Whether it was the LSU System itself making loyalty appeals (about a third of
House members have taken at least some coursework through the Baton Rouge
campus, with the possibility that this move would initiate dismantling the system
itself in favor of consolidating all campuses in that city under one governance),
or perhaps the unknown costs to a state currently strapped for funds (a merger
of court systems in New Orleans, which will save considerably in the long run,
is about to be undone this session because of the immediate costs), even if the
above arguments did not factor into the inability to raise sufficient support,
nonetheless the right thing was done.
2 comments:
I have a question for you: were you in favor of the merger proposed to unite UNO and SUNO? If so, why? How would that have solved any problems? Or, what if the legislature had written the bill to merge SUS with Tech? What would your stance have been there?
The LSU system continuously spends money on its flagship campus in BR. Other universities under its umbrella, which once included UNO, were not always afforded resources they should have. However, does that make them any less important than the BR campus?
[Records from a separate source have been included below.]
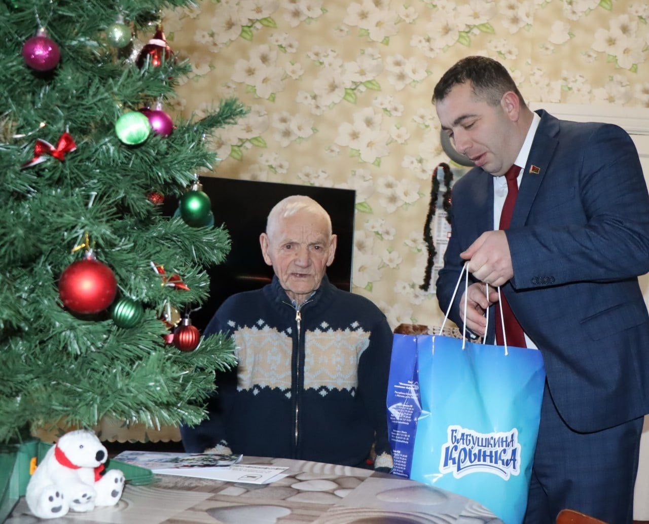Глава района вручил ветерану поздравления от председателя Могилёвского областного исполкома Анатолия Исаченко и от Осиповичского райисполкома, а также новогодние подарки.
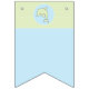 Baby Shower "Blue/Dolphin in a Bubble" design, Swallowtail shaped, Bunting Banner. This Blue/Dolphin in a Bubble, baby shower banner is made up of 16 customisable swallowtail shaped flags. Personalise the text by choosing your favourite font colour, size, style and wording.
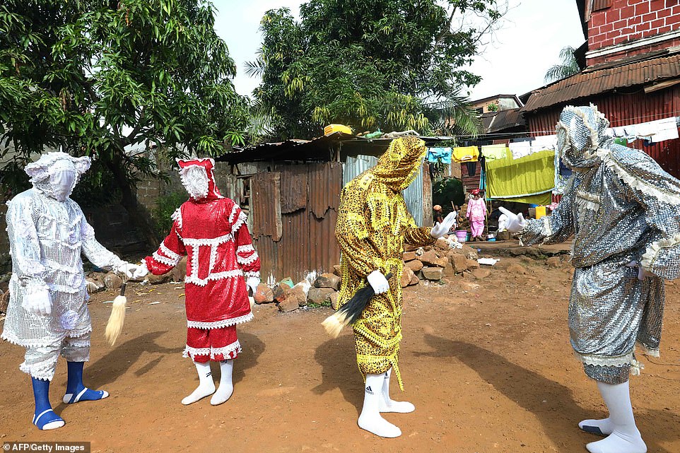 Các thành viên bộ lạc Kofi Jalloy miêu tả bốn con quỷ trong một buổi biểu diễn ở Freetown, thủ đô của Sierra Leone. (Những “con quỷ” được miêu tả từ trái sang phải là: Baykey, Faerie, Gargoda và Labalaba).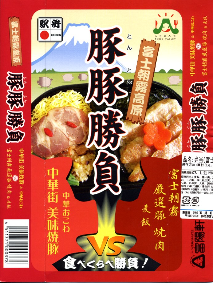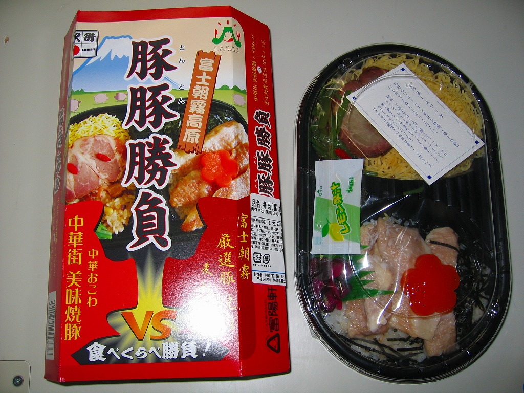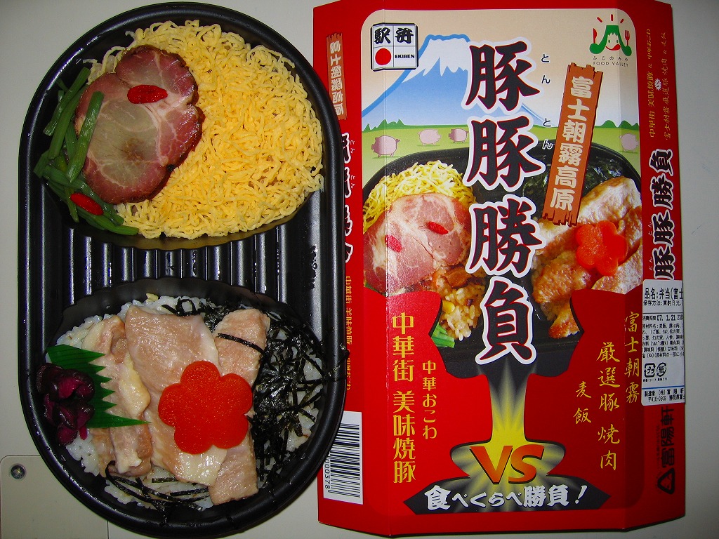 秋冬の駅弁大会シーズンに向けた、2006(平成18)年秋の新商品か。競技場状の黒いプラ容器に透明なふたをかけて、商品名を賑やかに描いた紙枠にはめる。中身は麦飯に富士朝霧厳選豚焼肉を載せた豚丼と、中華おこわにたっぷりの錦糸卵と一切れの中華街美味焼豚を載せた豚丼が、半分ずつ。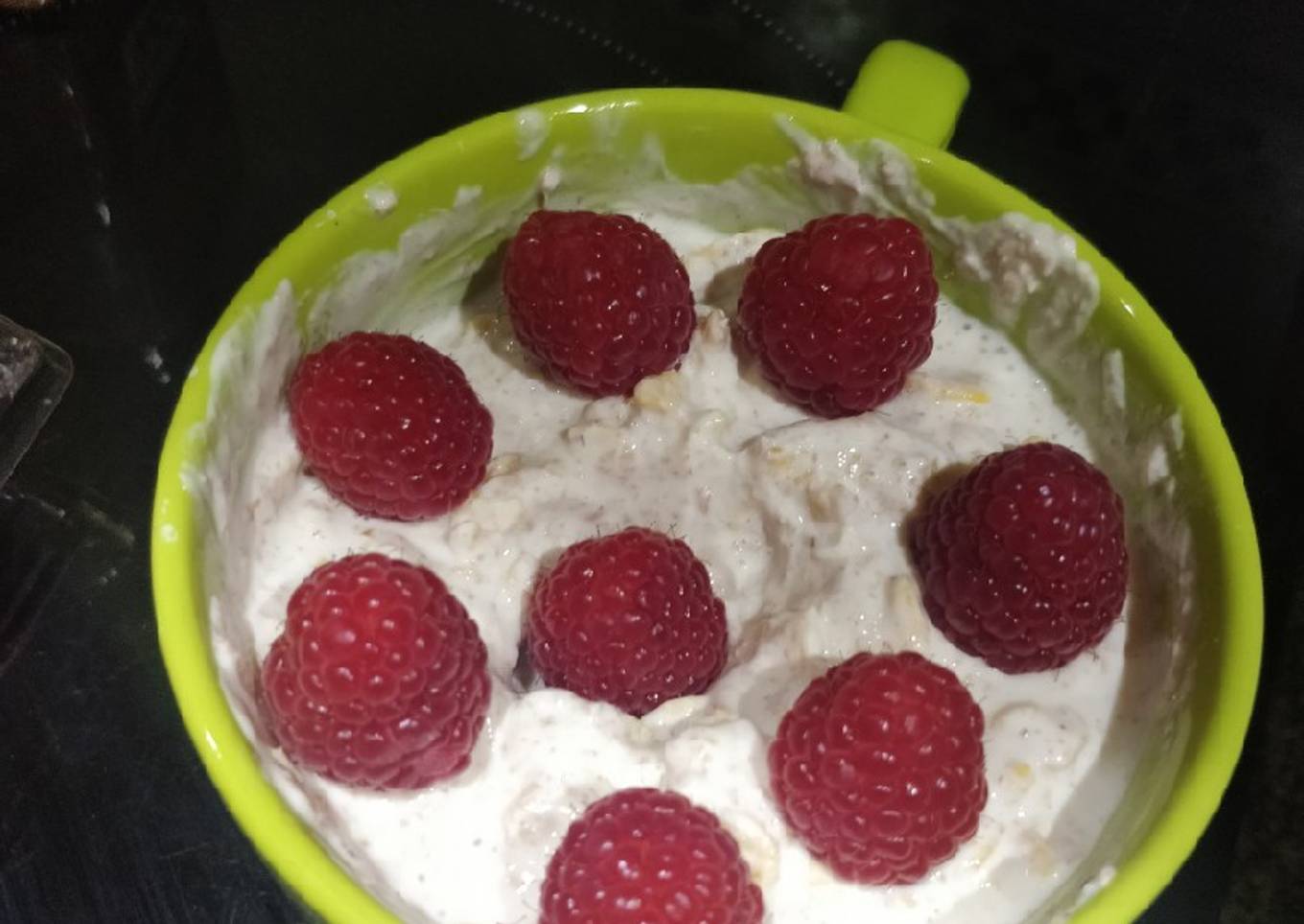 - Poner frambuesas por encima y espolvorearlo con Canela al gusto de cada uno.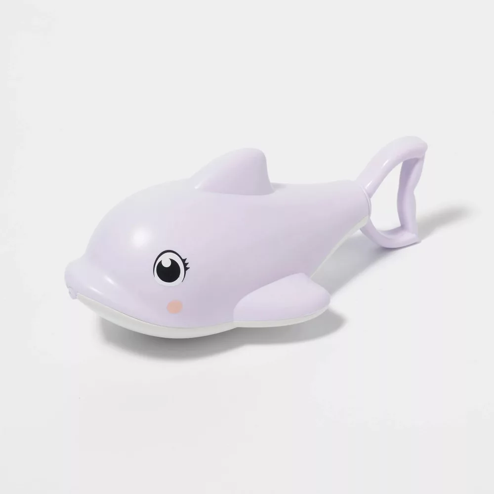 - Játékos és barátságos design: A pasztell lila színű delfin formája mosolyt csal mindenki arcára, miközben a nagy, ragyogó szemekkel felhívja a figyelmet a vízi játékok során.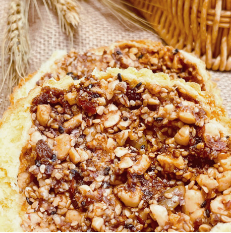 配料:石磨老麦面粉,小米面,黑芝麻,白芝麻,核桃仁,杏仁,花生,腰果,南瓜籽,葡萄干,红糖,白糖,制作而成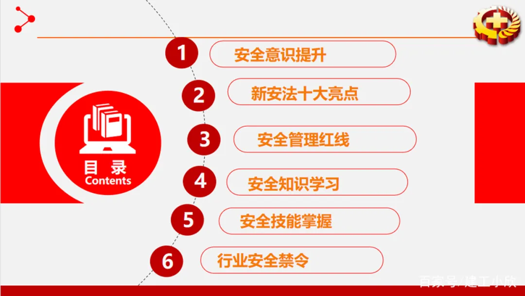 这是一个关于安全生产的PPT案例。原先的幻灯片上,不仅在目录标题上套上一些很无聊的圆角矩形,还把正文页的标题栏也搬了过来,整个页面看起来混乱不堪。为此我们把多余的线框和色块都删掉,并加上上张表示工人安全生产的照片形成蒙版,既简洁又能清晰地看到目录的内容。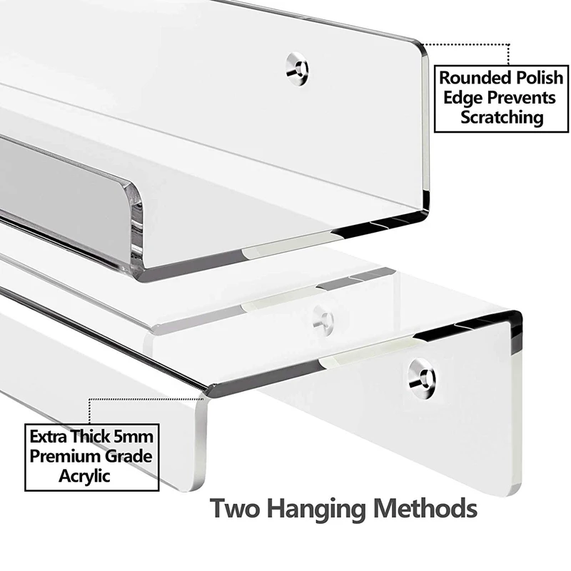Прочная конструкция-эти настенные полки изготовлены из очень прочного акрила толщиной 5 мм с Отличной атмосферостойкостью и намного прочнее стекла, что обеспечивает его прочность и безопасность от травм и поломок.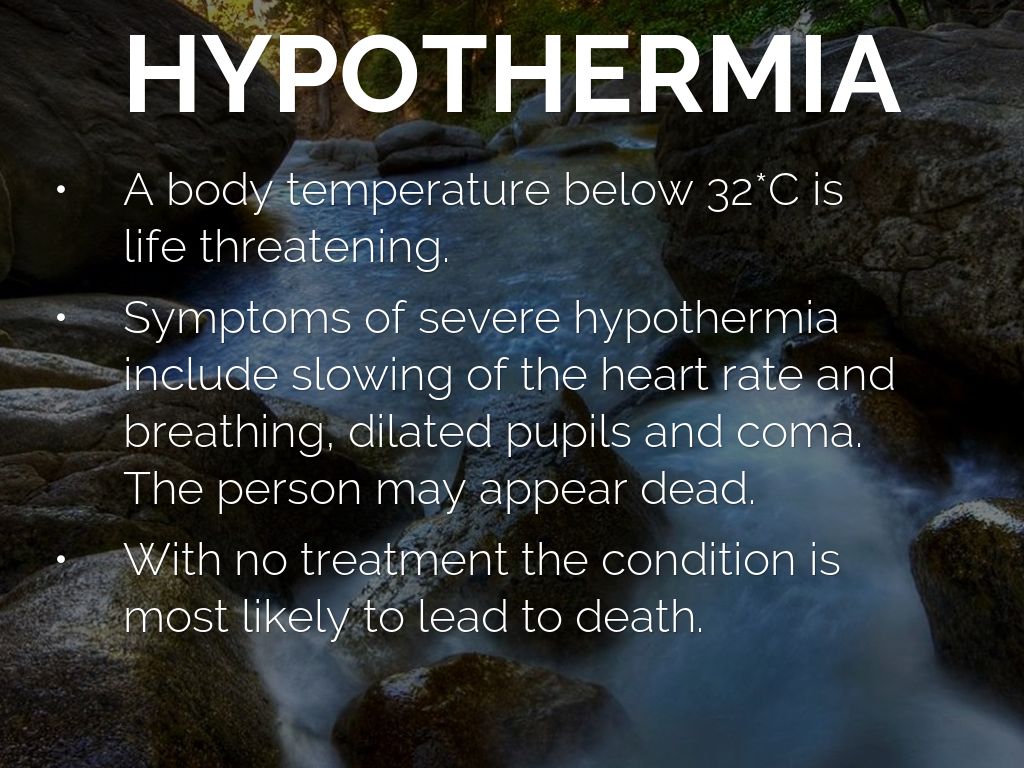 • Symptoms of severe hypothermia include slowing of the heart rate and breathing, dilated pupils and coma. The person may appear dead.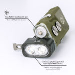 The Angel Eyes E1 is powered by the RovyVon hybrid battery system, the built-in Lipo battery is for daily use and high performance and the replaceable AAA battery is for long runtime like camping, hiking, etc., or where there’s no access to charge the Lipo battery. The E1 body is made of polyamide that is lightweight and durable, it weighs 39g.

Higher education is an important resource to this state. It is a shame that the legislature does not take steps to protect it in the constitution, but so is its neglect of protecting healthcare. However, I would like to see the proof where the merger of LSUS and Tech would have been detrimental. As you stated in your post, even the legislators from the area were in favor. Will the LSU system now send the resources needed to make LSUS first class? Will they support the students who choose to go there? Should not all students have the resources needed to ensure their desired education?
This merger may not have been for the best. However, if I were a student of higher education in northwest Louisiana, LSUS would not even be on my radar. The reason for this is that it does not support the education path I pursued. Maybe if it were under the UL system, it would. But I guess we will never know now, will we?
Yes, he was in favor of the UNO-SUNO merger (which would have made no sense). Somehow things are different when it comes to his own university.